▸ **Task prompt**
The response should be the records below, repeated exactly, with each picture left out.

▸ **Raw data**

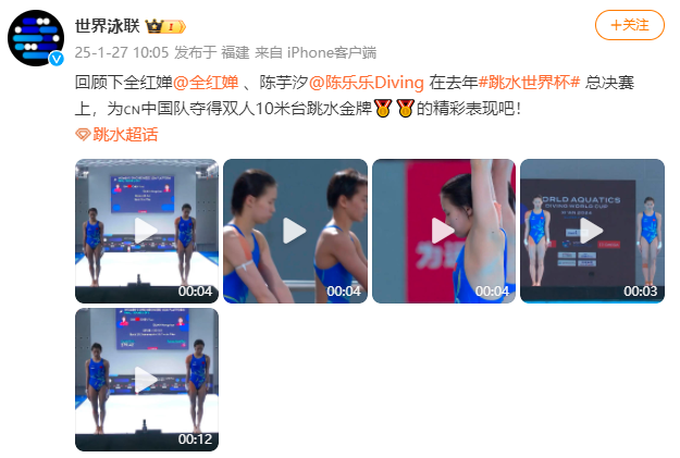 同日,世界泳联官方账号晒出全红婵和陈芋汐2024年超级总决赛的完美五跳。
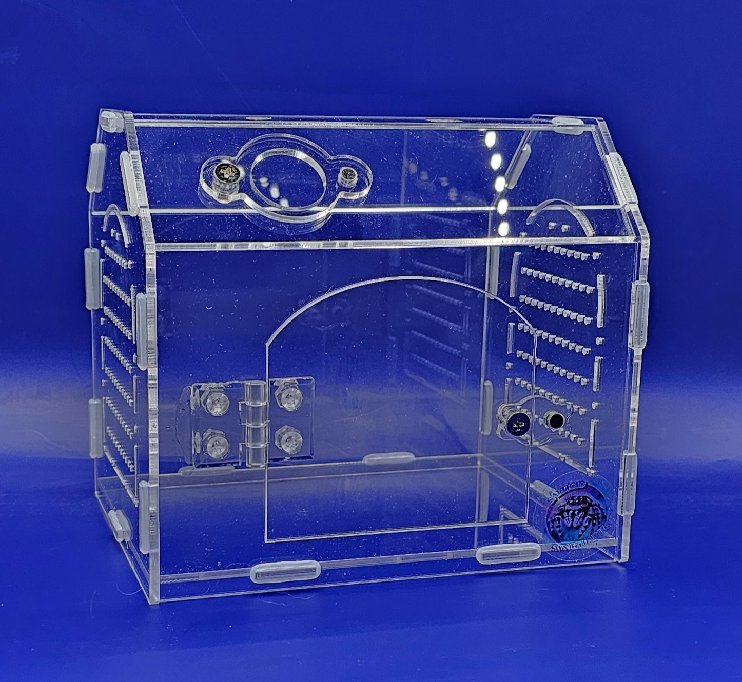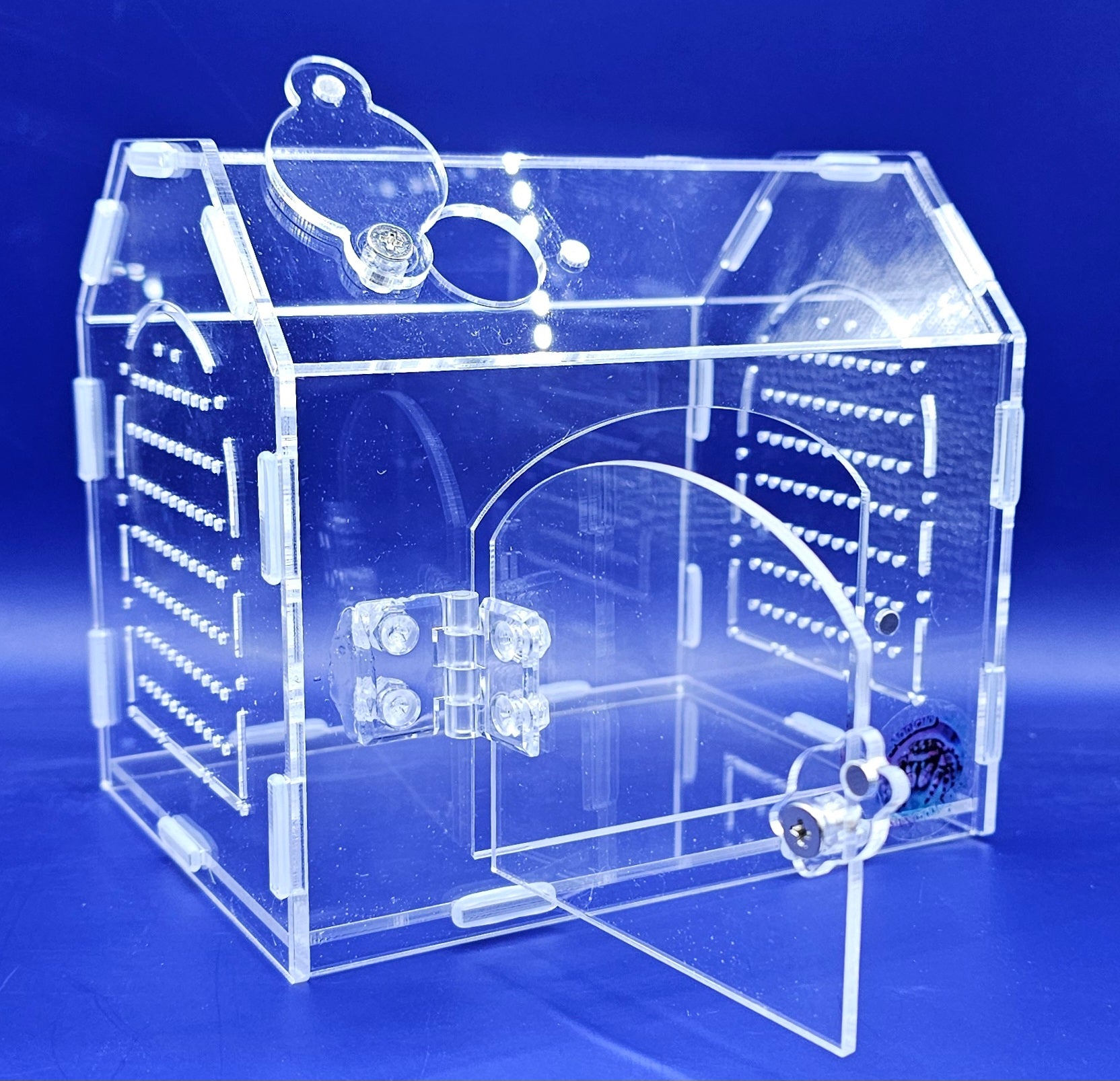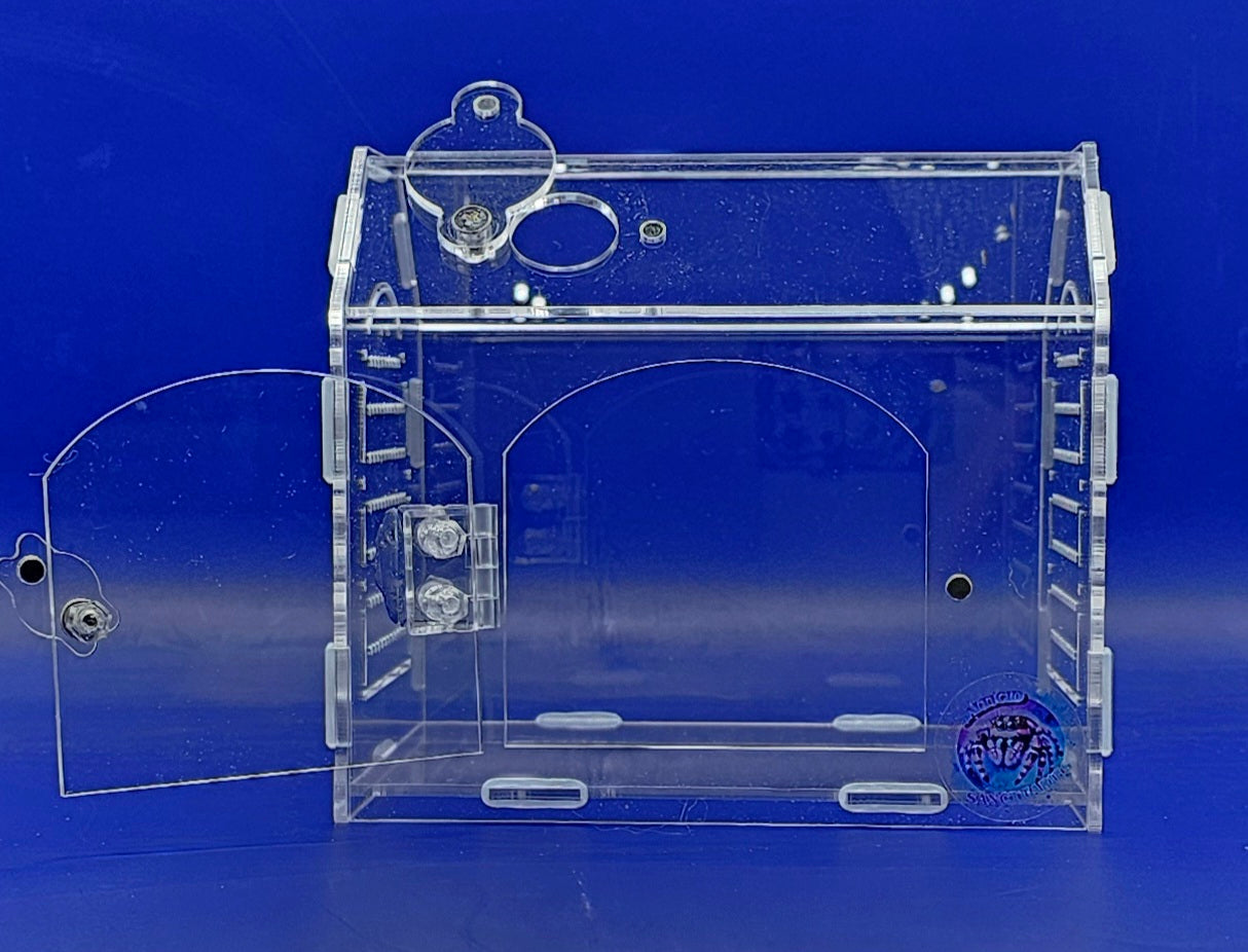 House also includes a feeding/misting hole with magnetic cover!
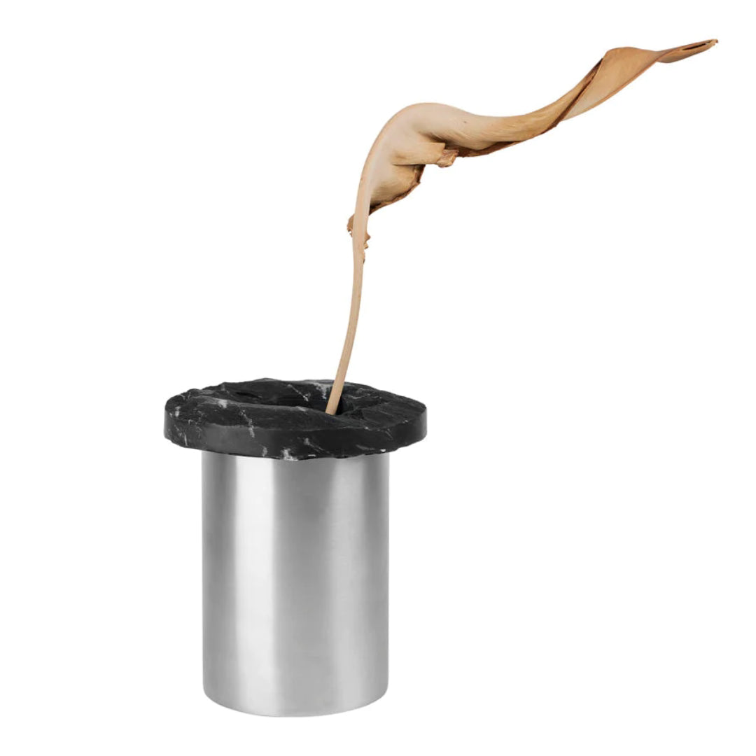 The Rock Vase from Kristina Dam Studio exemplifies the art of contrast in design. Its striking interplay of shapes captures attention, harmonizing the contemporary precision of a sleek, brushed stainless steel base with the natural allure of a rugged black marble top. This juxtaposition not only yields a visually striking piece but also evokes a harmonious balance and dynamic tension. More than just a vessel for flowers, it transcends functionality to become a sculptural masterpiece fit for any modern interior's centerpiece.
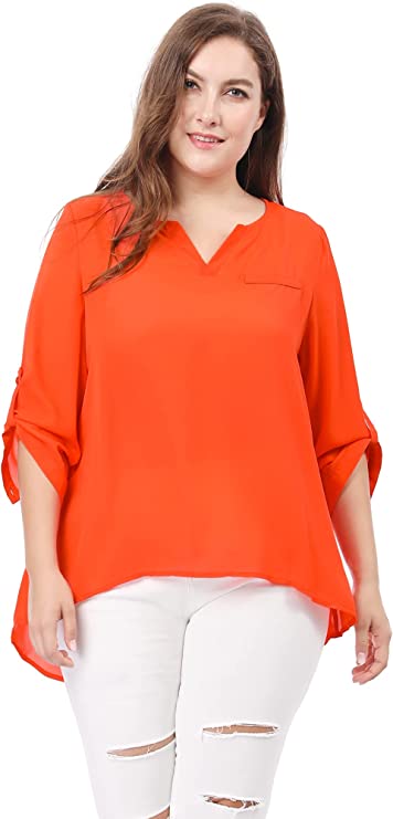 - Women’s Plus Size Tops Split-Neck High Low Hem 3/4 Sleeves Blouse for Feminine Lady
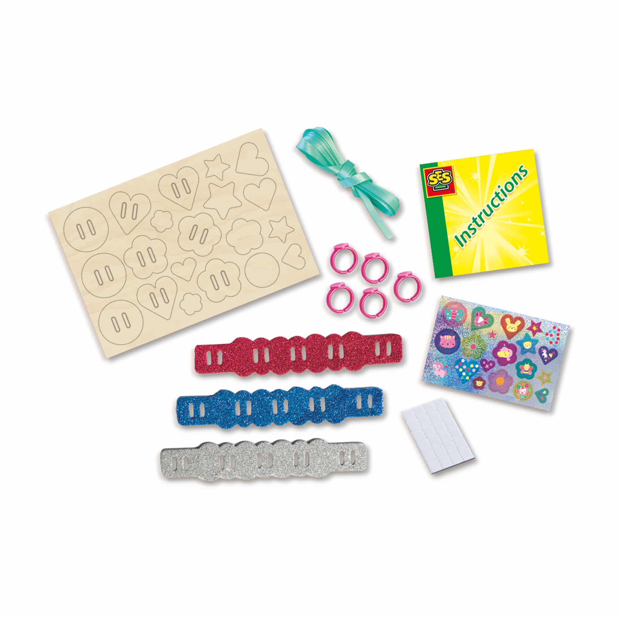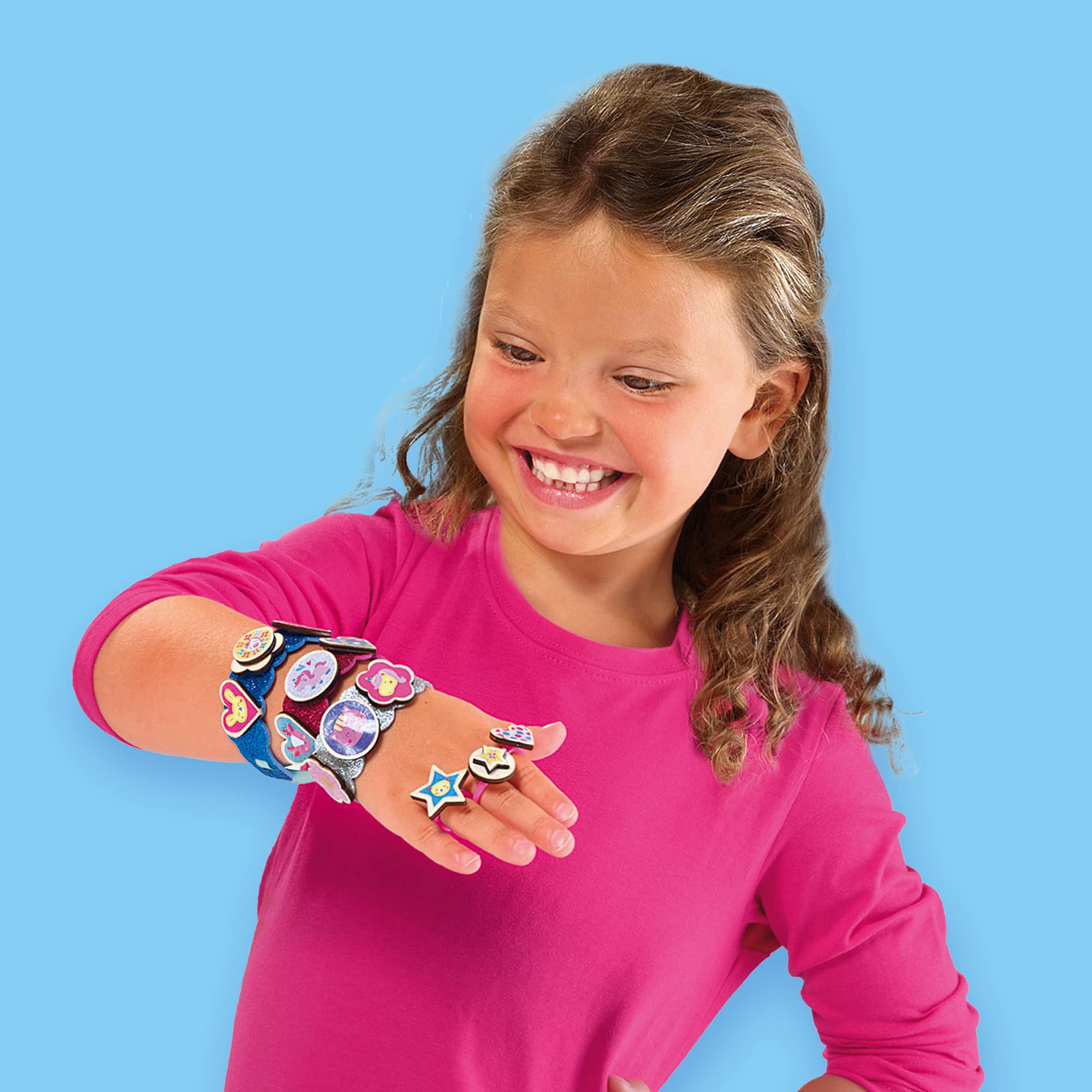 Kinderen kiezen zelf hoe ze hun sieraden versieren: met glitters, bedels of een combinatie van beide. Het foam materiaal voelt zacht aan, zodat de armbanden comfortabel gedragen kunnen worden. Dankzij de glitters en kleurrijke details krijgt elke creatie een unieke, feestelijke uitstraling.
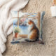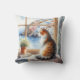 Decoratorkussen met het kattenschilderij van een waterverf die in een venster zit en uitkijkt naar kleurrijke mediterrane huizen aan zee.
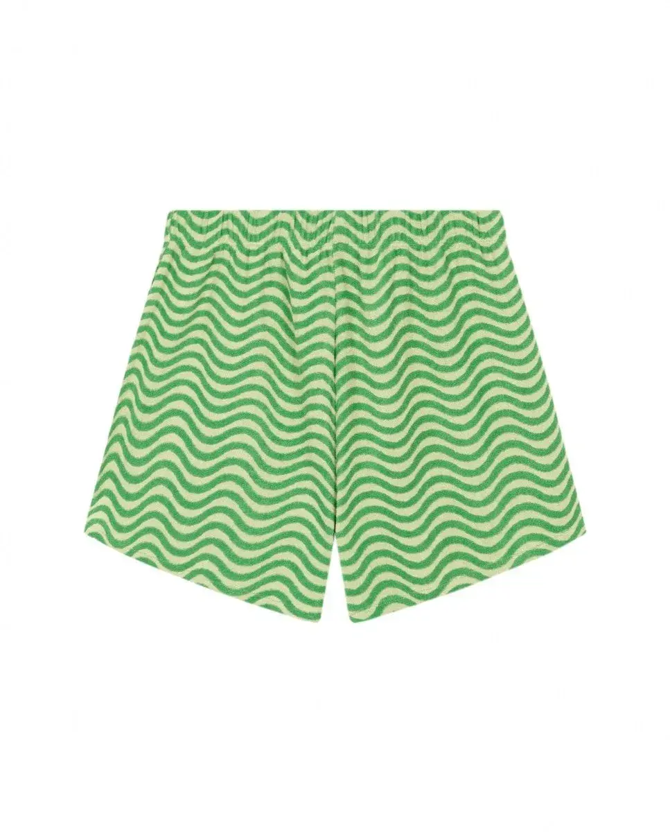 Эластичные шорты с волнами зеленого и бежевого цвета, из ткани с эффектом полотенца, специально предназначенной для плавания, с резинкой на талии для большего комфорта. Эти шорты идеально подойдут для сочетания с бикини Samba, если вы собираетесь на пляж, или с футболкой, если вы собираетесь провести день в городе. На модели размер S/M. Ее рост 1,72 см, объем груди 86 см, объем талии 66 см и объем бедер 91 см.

▸ **Exercise output**
 同日,世界泳联官方账号晒出全红婵和陈芋汐2024年超级总决赛的完美五跳。
 House also includes a feeding/misting hole with magnetic cover!
 The Rock Vase from Kristina Dam Studio exemplifies the art of contrast in design. Its striking interplay of shapes captures attention, harmonizing the contemporary precision of a sleek, brushed stainless steel base with the natural allure of a rugged black marble top. This juxtaposition not only yields a visually striking piece but also evokes a harmonious balance and dynamic tension. More than just a vessel for flowers, it transcends functionality to become a sculptural masterpiece fit for any modern interior's centerpiece.
 - Women’s Plus Size Tops Split-Neck High Low Hem 3/4 Sleeves Blouse for Feminine Lady
 Kinderen kiezen zelf hoe ze hun sieraden versieren: met glitters, bedels of een combinatie van beide. Het foam materiaal voelt zacht aan, zodat de armbanden comfortabel gedragen kunnen worden. Dankzij de glitters en kleurrijke details krijgt elke creatie een unieke, feestelijke uitstraling.
 Decoratorkussen met het kattenschilderij van een waterverf die in een venster zit en uitkijkt naar kleurrijke mediterrane huizen aan zee.
 Эластичные шорты с волнами зеленого и бежевого цвета, из ткани с эффектом полотенца, специально предназначенной для плавания, с резинкой на талии для большего комфорта. Эти шорты идеально подойдут для сочетания с бикини Samba, если вы собираетесь на пляж, или с футболкой, если вы собираетесь провести день в городе. На модели размер S/M. Ее рост 1,72 см, объем груди 86 см, объем талии 66 см и объем бедер 91 см.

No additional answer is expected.